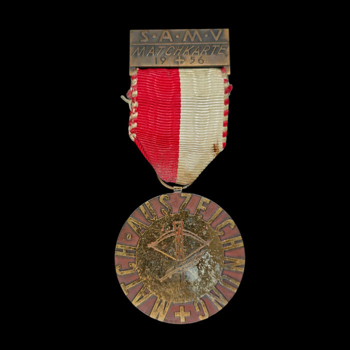 เหรียญรางวัลในภาพคือเหรียญที่ระลึกที่มอบให้ในการแข่งขันยิงหน้าไม้ ซึ่งจัดขึ้นในปี 1956 โดยสมาคมยิงปืนและยิงหน้าไม้แห่งสวิส (Schweizerischer Armbrustschützenverband หรือ S.A.M.V.) |
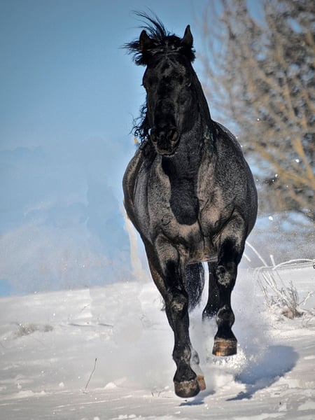 YOU AIN'T RIDING UNTIL YOU'RE RIDING A HANCOCK .... this is an open secret among US ranchers. In the USA they are bred for the "every day ranch work" and for competitions like Team Roping and Ranch Versatility. In Europe extremely rare bloodline, which stands for endurance, robustness, nerve strength, extremely strong bones and hard hooves. Our MJM Saltys Blue Ezra is a worthy representative of this bloodline. We imported it from the USA to make these original features of a quarter available again in German-speaking countries. As the previous offspring shows, it is also excellently suited for strengthening the foundation and nerves of performance-drawn quarter-stuts ;-) . Its stock size is 156 cm, it is homozygous for Black and for Roan. Of course, it is Five Panel n/n, as well as MYH1 n/n. Covered by fresh, refrigerated and frozen seeds. Cover tax: 950,00 Euro + 100 Euro additional costs of the deck station per seed order + approx. 35 Euro shipping (shipping price is only valid for refrigerated seeds!). More information on our website or at FB under his name.
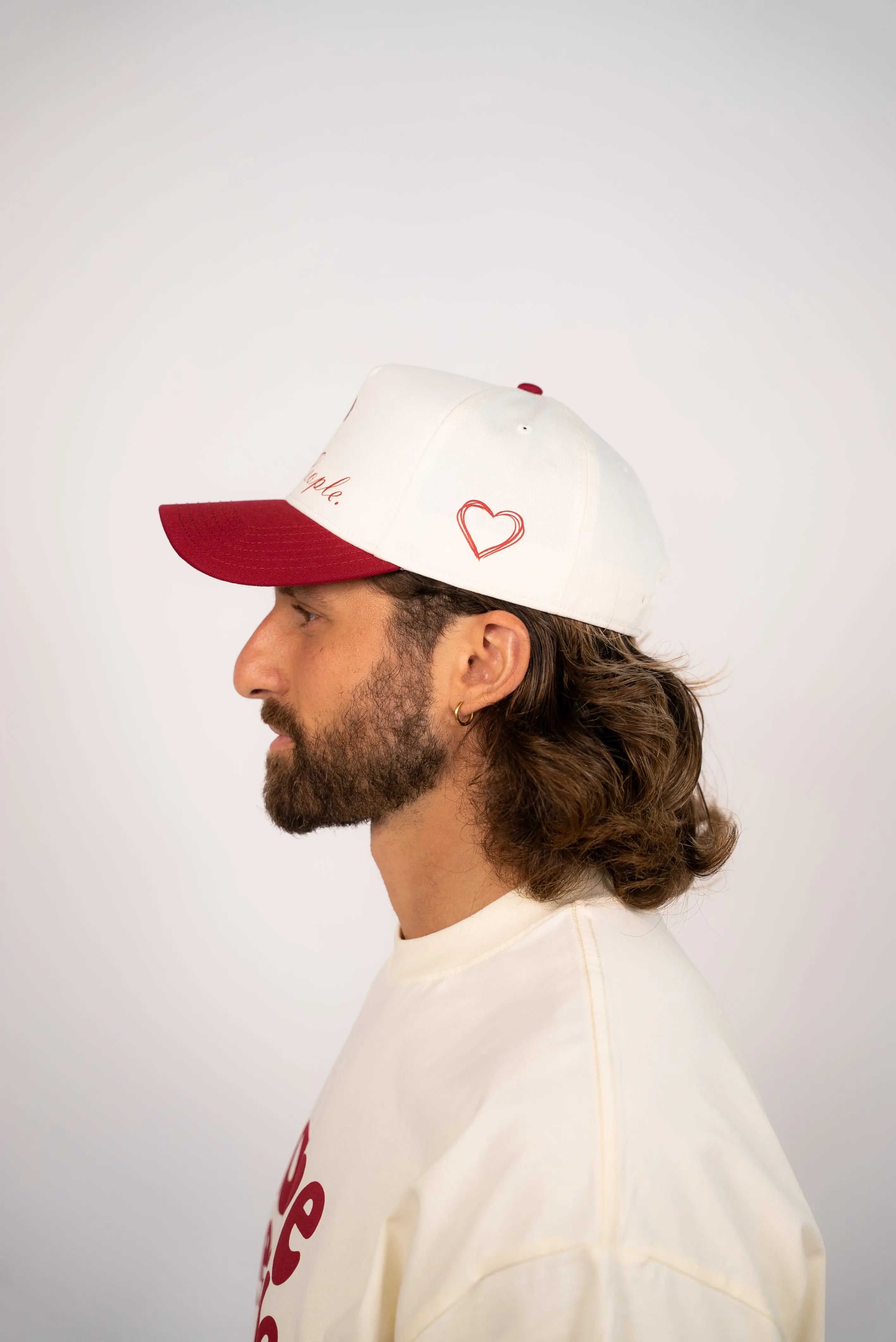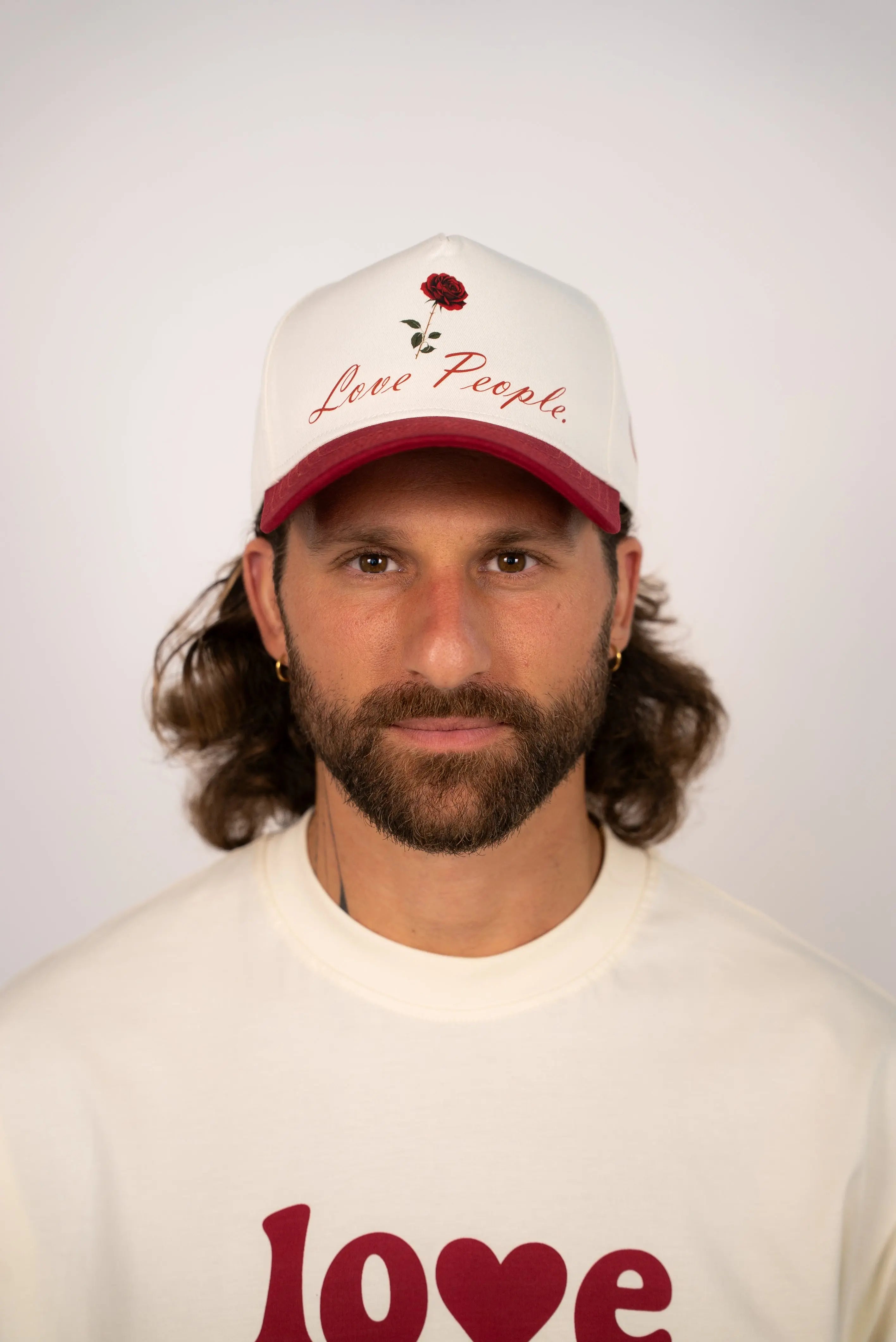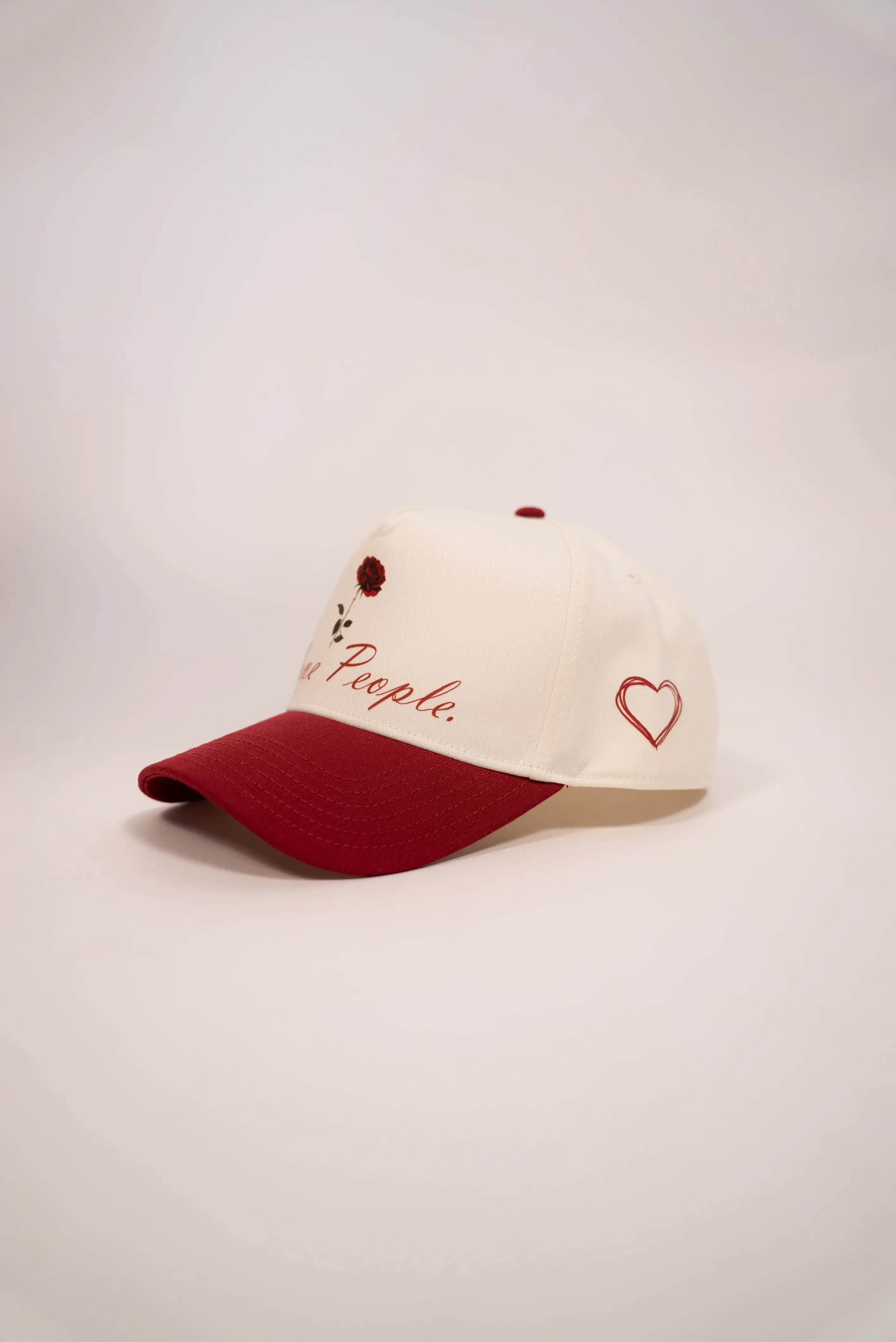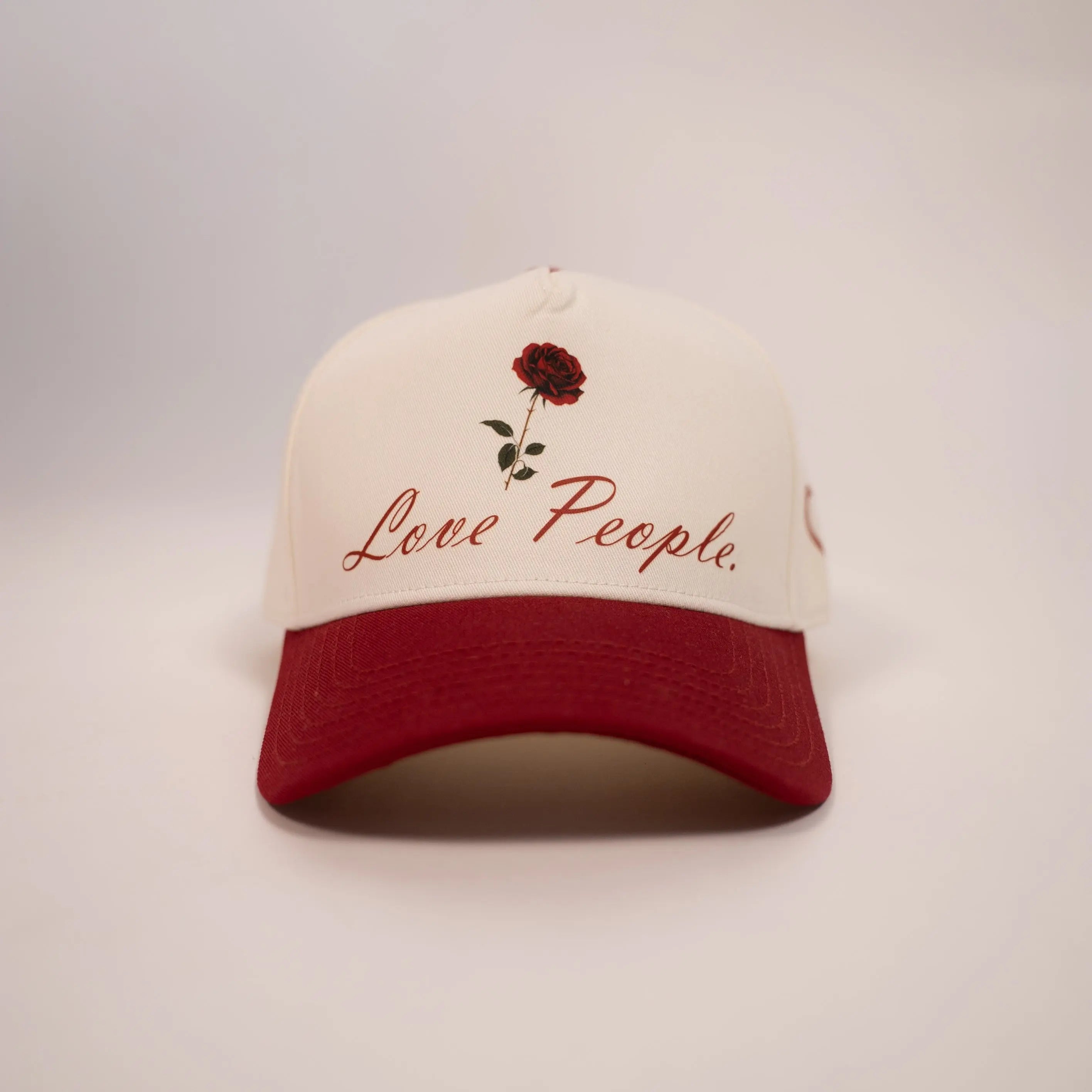 Cream Rose Hat – sleek five-panel snapback in cream cotton twill, featuring a striking red rose and “Love People” embroidery. One-size snapback with adjustable strap ensures a perfect fit. Lightweight and durable—ideal for outdoor festivals, sunshine-filled days, or everyday wear. Care: spot-clean only
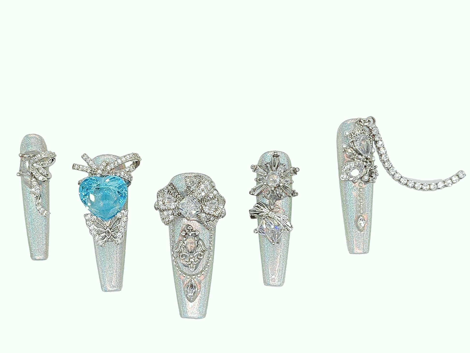 Channel icy elegance with these shimmering silver nails, adorned with brilliant blue gems, intricate 3D accents, and sparkling chains. A perfect blend of winter glam and regal luxury—made to mesmerize.
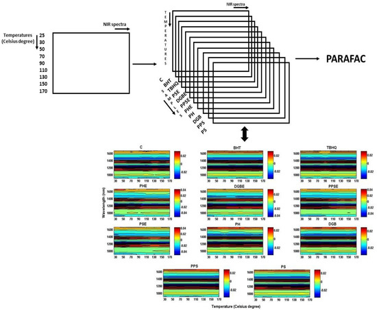 Scheme for illustration of the NIR spectra organization in n-way mode. C = Control (i.e., antioxidant-free soybean oil). BHT = butylated hydroxytoluene. TBHQ = tert-butylhydroquinone. PSE = Poppy seed extract. DGBE = Dehydrated goji berry extract. PPSE = Pumpkin seed extract. PHE = Provençal herbs extract. PH = Provençal herbs. DGB = Dehydrated goji berry. PPS = Pumpkin seed. PS = Poppy seed.
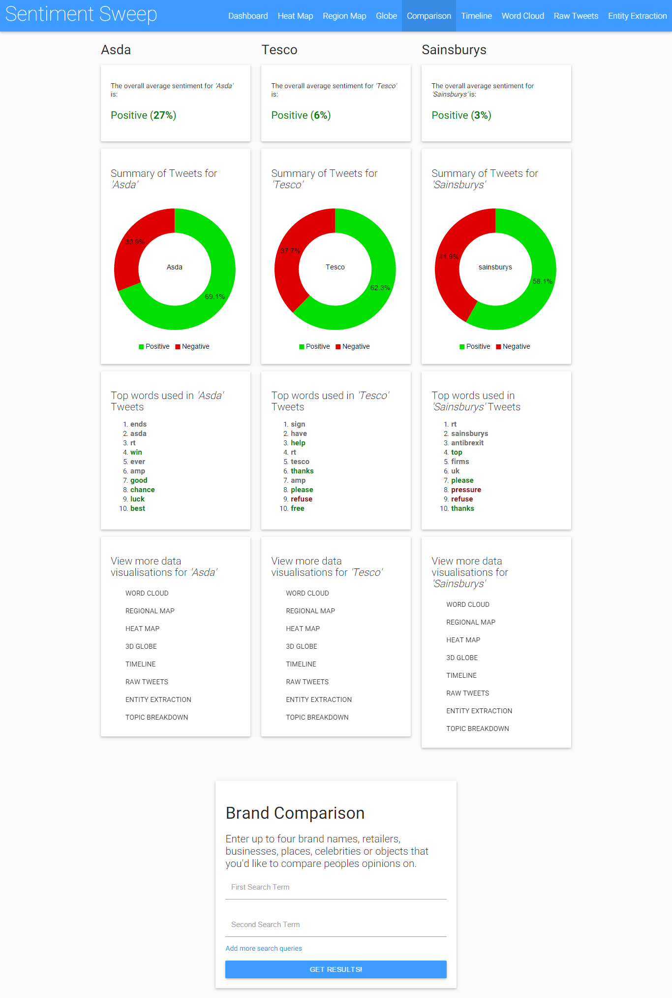 The purpose of this page is to allow the user to compare opinions towards multiple topics. It is mainly intended for comparing brands, but can have many more uses. The user enters up to 4 search terms, and tweets relating to each are fetched, analysed and then visually displayed in the form of a donut chart. The key words and trends from each topic are also displayed below, as this is often very useful for getting a snapshot of why a brand or topic is currently so positive or negative. There are also links to view each of the topics in the other forms listed above, such as timeline, word cloud, geographical map or raw tweets.
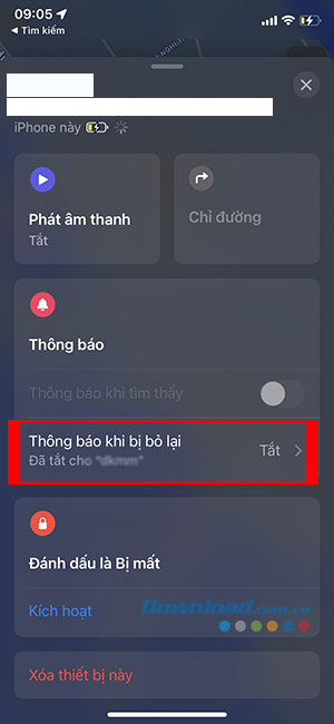 Bước 3: Thông tin về thiết bị đã chọn sẽ hiển thị. Cuộn xuống và chọn Thông báo khi bị bỏ lại trong mục Thông báo.
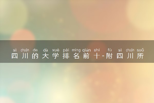 根据2022年校友会中国大学排名表,四川排名前十的高校分别是四川大学、电子科技大学、西南交通大学、西南财经大学、四川农业大学、西南石油大学、成都理工大学、四川师范大学、西南民族大学、成都中医药大学。下面小编就为大家来介绍这十所大学。
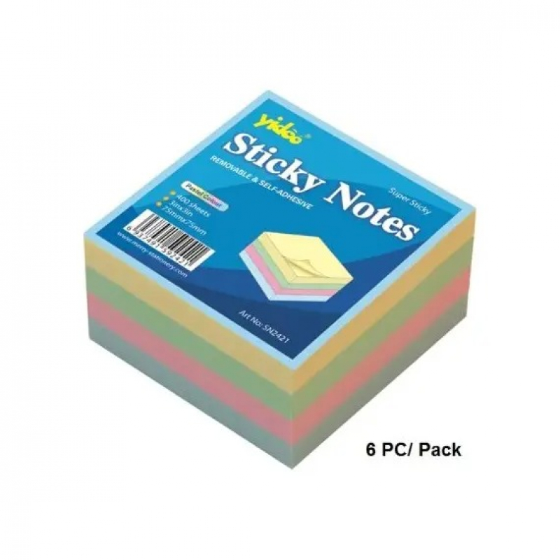 Memo Paper, Sticky Note, (75x75mm), 400 Sheets, 4 Colors, 6 PC/Pack
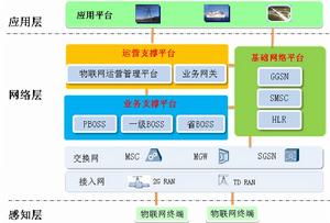 物聯網基礎網路平台:接入網共用現有2G/3G接入網路;核心網新建物聯網專用SMSC、GGSN、HLR。
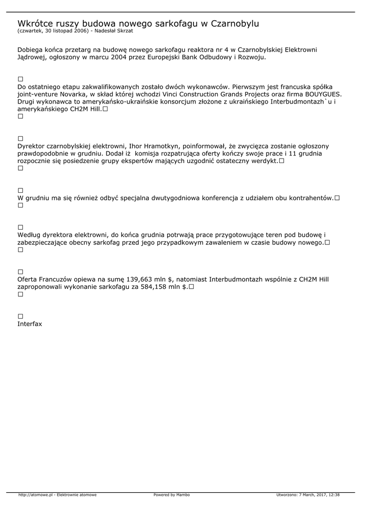 Wkrótce ruszy budowa nowego sarkofagu w Czarnobylu (czwartek, 30 listopad 2006) - Nadesłał Skrzat Dobiega końca przetarg na budowę nowego sarkofagu reaktora nr 4 w Czarnobylskiej Elektrowni Jądrowej, ogłoszony w marcu 2004 przez Europejski Bank Odbudowy i Rozwoju. Do ostatniego etapu zakwalifikowanych zostało dwóch wykonawców. Pierwszym jest francuska spółka joint-venture Novarka, w skład której wchodzi Vinci Construction Grands Projects oraz firma BOUYGUES. Drugi wykonawca to amerykańsko-ukraińskie konsorcjum złożone z ukraińskiego Interbudmontazh`u i amerykańskiego CH2M Hill. Dyrektor czarnobylskiej elektrowni, Ihor Hramotkyn, poinformował, że zwycięzca zostanie ogłoszony prawdopodobnie w grudniu. Dodał iż komisja rozpatrująca oferty kończy swoje prace i 11 grudnia rozpocznie się posiedzenie grupy ekspertów mających uzgodnić ostateczny werdykt. W grudniu ma się również odbyć specjalna dwutygodniowa konferencja z udziałem obu kontrahentów. Według dyrektora elektrowni, do końca grudnia potrwają prace przygotowujące teren pod budowę i zabezpieczające obecny sarkofag przed jego przypadkowym zawaleniem w czasie budowy nowego. Oferta Francuzów opiewa na sumę 139,663 mln $, natomiast Interbudmontazh wspólnie z CH2M Hill zaproponowali wykonanie sarkofagu za 584,158 mln $. Interfax http://atomowe.pl - Elektrownie atomowe Powered by Mambo Utworzono: 7 March, 2017, 12:38

========================================================================

* **Activity**:
Look above for the line with "YOU AIN'T RIDING" and the line with "Channel icy elegance". Output those two and everything between them exactly, pictures excluded.

* **Solution for this exercise**:
 YOU AIN'T RIDING UNTIL YOU'RE RIDING A HANCOCK .... this is an open secret among US ranchers. In the USA they are bred for the "every day ranch work" and for competitions like Team Roping and Ranch Versatility. In Europe extremely rare bloodline, which stands for endurance, robustness, nerve strength, extremely strong bones and hard hooves. Our MJM Saltys Blue Ezra is a worthy representative of this bloodline. We imported it from the USA to make these original features of a quarter available again in German-speaking countries. As the previous offspring shows, it is also excellently suited for strengthening the foundation and nerves of performance-drawn quarter-stuts ;-) . Its stock size is 156 cm, it is homozygous for Black and for Roan. Of course, it is Five Panel n/n, as well as MYH1 n/n. Covered by fresh, refrigerated and frozen seeds. Cover tax: 950,00 Euro + 100 Euro additional costs of the deck station per seed order + approx. 35 Euro shipping (shipping price is only valid for refrigerated seeds!). More information on our website or at FB under his name.
 Cream Rose Hat – sleek five-panel snapback in cream cotton twill, featuring a striking red rose and “Love People” embroidery. One-size snapback with adjustable strap ensures a perfect fit. Lightweight and durable—ideal for outdoor festivals, sunshine-filled days, or everyday wear. Care: spot-clean only
 Channel icy elegance with these shimmering silver nails, adorned with brilliant blue gems, intricate 3D accents, and sparkling chains. A perfect blend of winter glam and regal luxury—made to mesmerize.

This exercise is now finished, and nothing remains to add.